Richard Valentinetti, chief of the air pollution control division, said Friday the permit incorporated the newest technology.
“It’s a very stringent permit, we think, in terms of the emissions coming out of the plant,” Valentinetti said.
“We use the phrase ‘best available control technology,’” Valentinetti said.
According to the permit, the biomass plant is expected to exceed the action level of 35 different hazardous air contaminants, and thus is subject to further state review.
Neither the developers of the proposed North Springfield Sustainable Energy Project nor the leaders of the North Springfield Action Group, which opposes the plant, returned requests for comment on the air permit. The project is still waiting on a decision from the Public Service Board on the project’s all-important certificate of public good.
NoSAG leaders in particular had voiced strong concern about the effect of the emissions coming out of the plant on the North Springfield neighborhood.
Valentinetti said the state tried to take into consideration the dozens of comments that area residents made during a public hearing on the proposed air permit last summer, but he said that by law the state must issue a permit unless there is a compelling reason not to.
Valentinetti said the state had included residents’ concerns about the bowl-like effect, which they said would trap emissions in the region, as well as air quality modeling issues, in the permit, which came out in draft form several months ago.
“We made a lot of changes,” Valentinetti said.

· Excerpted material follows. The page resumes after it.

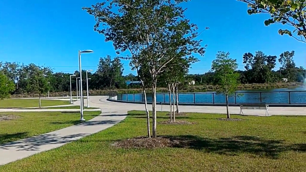Depot Park is also a leader in environmental sustainability. The park functions as a beautiful stormwater treatment system, collecting runoff from Gainesville’s urban core and cleansing it before it flows into Sweetwater Branch Creek and Paynes Prairie. The historic depot building, listed in the National Register of Historic Places and certified by U.S. Green Building Council LEED Gold standards, has been renovated into a small market, outdoor cafe, and event space, further enhancing the park’s appeal. Native tree and shrub species, including red maple, southern live oak, bald cypress, and saw palmetto, create a low-maintenance landscape that supports local wildlife and provides shade and beauty throughout the year.

Valentinetti said the North Springfield permit was similar — with some changes — to the air permit granted to the proposed Beaverwood biomass plant in Fair Haven.
While Beaverwood has an air permit, it has withdrawn its overall permit.
Valentinetti noted that the North Springfield project has several other state concerns it must face, including recent concerns raised by the Department of Forestry that the wood-fired plant was not truly sustainable.
North Springfield Sustainable Energy Project has applied for a permit under Section 248 of state utility law. Earlier this month, the first round of hearings concluded, with project developers saying they hoped to have a permit in hand by June.
According to the permit, it can be appealed to the Vermont Environmental Court, but the appeal must be filed within 30 days.